プラグの熱価セッティングとフライプレートのおかげで高圧縮が可能になってきた2サイクルエンジンですが
ひとつ
おおきな落とし穴があるので、あらためてお伝えしたいと思います。

そうですね。分かりやすいように圧力10kg/2としましょう。


問題

ここに二種類のエンジンがあり、圧縮メーターで両方ともメーターにて10kgに調整しました。
しかし、実際には片方は10kgでしたが、もう片方は12kgになっていました。
どうしてこのような事が起こるのか考えなさい。
ただし、測定ミスはないものとする。




いきなり問題形式になってしまいましたが、8月7日は1/32mile KNカップです。
恥ずかしながらうちもショップブースを出すことになったので、マシンをちゃんと整備しないと…
ショップなんて出したこと無いし… 大丈夫かな…



とりあえず、カマキリ号の圧縮を測定してみました。


まぁ だいたい 13kgってところかな。



もう一つメーターがあるのでそっちでも測定してみましょう。

こちらはパスカルなので分かりにくいですが。
kg/cm2でいうなら10.5kg/cm2くらいになるのかな。


もちろん、どちらのメーターも壊れていません。
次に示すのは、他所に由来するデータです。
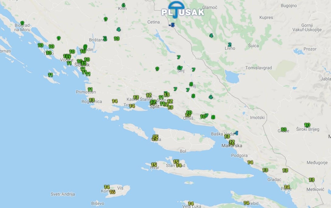 Bura je na splitskom području zapuhala oko 17:30 i odmah ima udare do 80 km/h. Kiša je prešla u snijeg na Dinari i Kamešnici, a snijeg pada i u višim predjelima Aržana.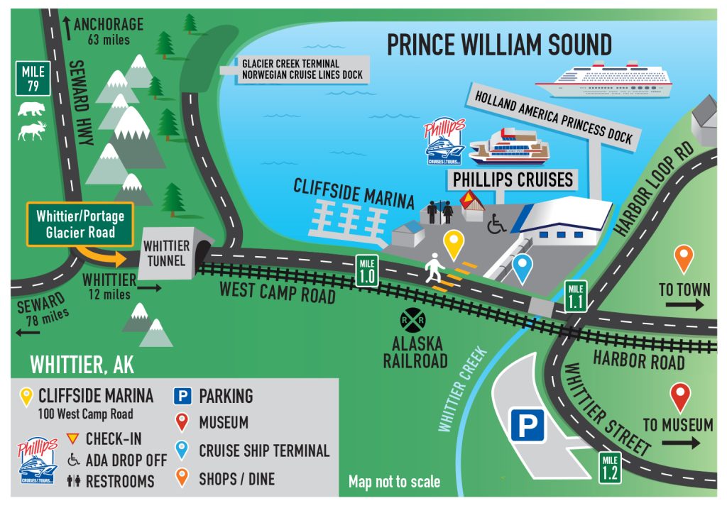 Address: W. Camp Road | Whittier, AK 99693 (Directly next to Phillips Cruises & Tours Dock)

正常です。
同じエンジンなのに13kgと10.5kgという差が出るのです。
それが問題の答えになります。


ではここでもう一枚の写真を見てください。

何か違いに気が付きますか?
そうです。
プラグの種類です。
基本的に原付はネジ部の短いタイプですが、エンジンによっては通常のプラグが使われています。
しかし、圧力メーターはネジ部の短いタイプ用しかありません。
写真右にあるメーターは通常のプラグ用に僕が作ったものです。

市販の圧力メーターを使って測定すると、通常プラグのエンジンの場合圧力が2kg前後低く表示されるのです。

これはプラグのネジ部の体積分、燃焼室の体積が増えたことになり圧縮が低くなって表示してしまうのです。




まとめると
市販のメーターはショートプラグ用であり、
ショートプラグエンジンの場合はそのまま測定できるが、通常プラグのエンジンの場合は2kg前後低く表示されます。



これを知らないと 

通常プラグエンジンで測定したら11kgだったからいいかな?と思っていると実は13kgだった!

となってしまいます。
とはいえ、どこまでの高圧縮が可能なのか??
それは今のところ誰にも分りませんが(笑)




マニアコーナー!

同じエンジンでも、プラグ熱価によって圧縮が変わります。
プラグのガイシの部分を見てください。
例えば#11プラグなどは熱の影響を受けないように、ほとんどガイシで蓋をされている状態ですが、#6などは深い溝があります。
この溝の分 体積が増えるので実圧縮は下がるという訳。


それではみなさん。
イワイサーキットでお会いしましょう〜!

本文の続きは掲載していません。